It will be appreciated that the self-tensioning lock of the present invention may take numerous different forms, as for instance, being in the form of a tensioning bar hinged to the base plate 21 and that the bar itself may be formed with numerous different plate coupling means, as for instance, projecting pins for fitting in complimentary eyes formed in the edges of the printing plates 45 or even magnetic bars for attracting ferromagnetic printing plates or elements thereof to the tensioning bar itself. However, in the case of the disclosed embodiment, the self-tensioning lock of the present invention is intended to be mounted in axially extending grooves 121 (FIG. 7), formed between the axial edges of semicylindrically shaped printing saddles 123 mounted on the diametrically opposite sides of the printing cylinder 25.
Referring to FIG. 7, the printing saddles 123 are conveniently undercut along their axially opposite sides to form cutback coupling edges 125. The printing plates 45 are then formed on one end with a radially inwardly directed turned back attachment legs 127 for hooking over the edge 125 of the saddle 123 and being trapped in place between such undercut edge and the surface of the printing cylinder 25. The opposite end of the printing plates 25 are then also formed with turned back lips 131 (FIGS. 7-10), which are formed to complimentarily fit within the respective slots 93 behind the coupling hooks 95 of the tensioning bar.

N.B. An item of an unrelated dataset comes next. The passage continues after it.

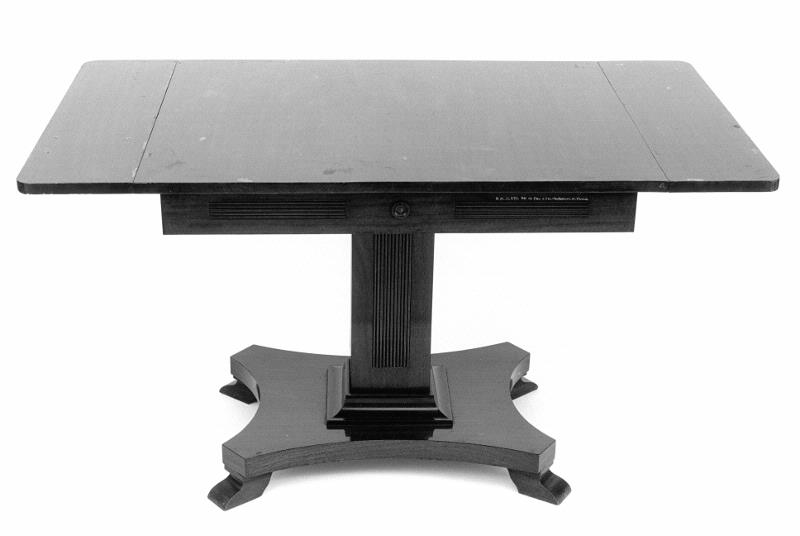Rektangulär skiva med två klaffar på kortsidorna. Fyrkantigt ben på platta med insvängda kanter och fyra fötter. Såväl benet som sargen har dekor av skurna linjer, vertikalt respektive horisontalt.

The paper printing plates 45 (FIG. 7), may be of any desirable construction such as that marketed by Letterflex and may, if desirable, be reinforced with metal stiffeners affixed to the opposite ends thereof.

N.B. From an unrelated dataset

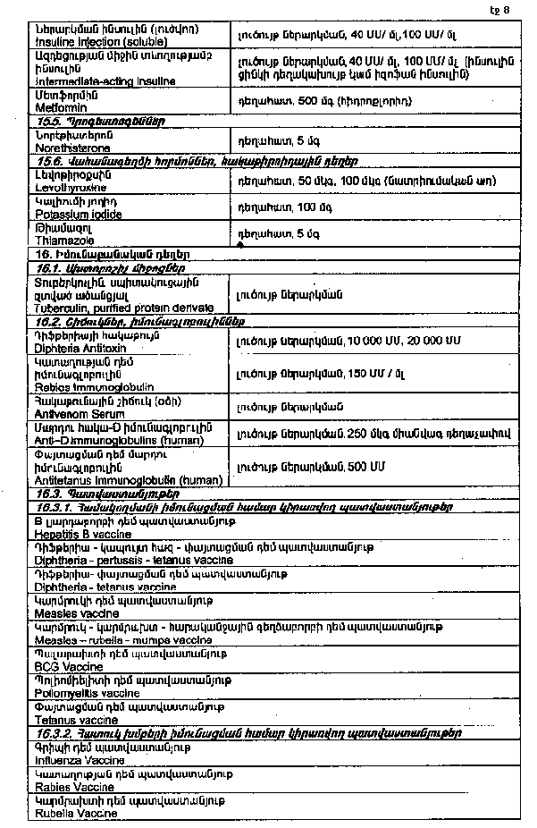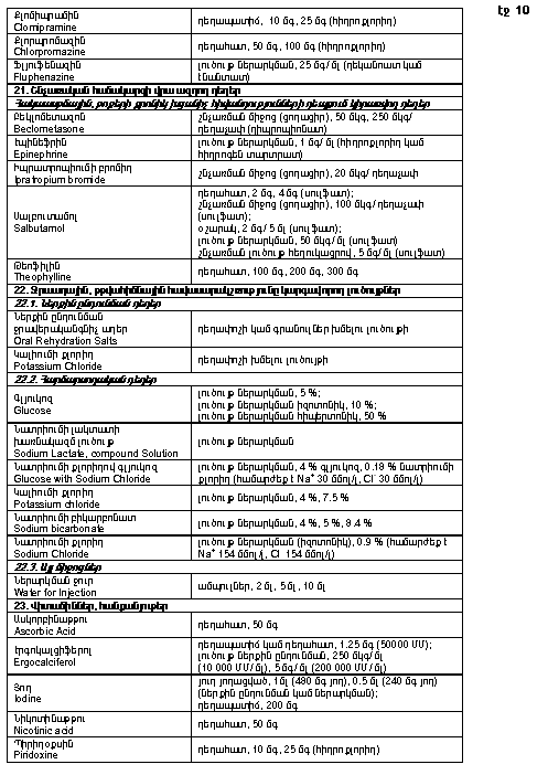 (ցանկը լրաց. 28.04.05 N 406-Ն, 20.07.05 N 683-Ն, 16.03.06 N 261-Ն, փոփ., լրաց. 28.08.06 N 981-Ն)

In operation, when it is desirable to mount a self-tensioning saddle lock of the present invention on a printing cylinder 25 formed with the grooves 121, the base plate 21 may be merely centered in such grooves between the saddle edges 125 and bores 55 (FIG. 3), drilled and tapped in the cylinder for the screws 53. The screws 53 may then be inserted to anchor the base plate 21 in position. When it is subsequently desirable to load the cylinder 25 with the dimensionally unstable printing plates 45, an allen wrench tool may be inserted in the sockets 113 of the retractor cams 33 of the tensioning bars 23 to rotate such cams and cause the follower pins 35 to be displaced to one circumferential side of the cams 33 thus carrying the tensioning bars 23 from their neutral position and pushing them to the opposite side of the base plate 21 to their fully retracted positions adjacent the edges 125 of the saddles on which the printing plates 45 are to be mounted. When the individual follower pin 35 registers with the detent 41 as shown in FIG. 6, such tensioning bar 23 will be releasably locked on its fully retracted position. The lip 131 on the one extremity of the printing plate 45 may then be hooked onto the undercut edge 125 of one of the saddles 123 and the body of such printing plate then peeled onto such saddle 123. The workman loading such cylinder may then manipulate the printing plate to fit the turned back lip 131 on the opposite end losely in the groove 93 (FIG. 8). The retractor cam 33 may then be rotated to disengage the follower pin 35 from the detent 41, thus freeing the tensioning bar to be urged toward its position extended away from the saddle edge 125 under the uniform, balanced force of the springs 31 to thus maintain uniform tension on the opposite sides of the printing plate 45 on the saddle surface. The cylinder 25 may then be advanced and the opposite saddle 123 then loaded with a printing plate 45 in a similar manner.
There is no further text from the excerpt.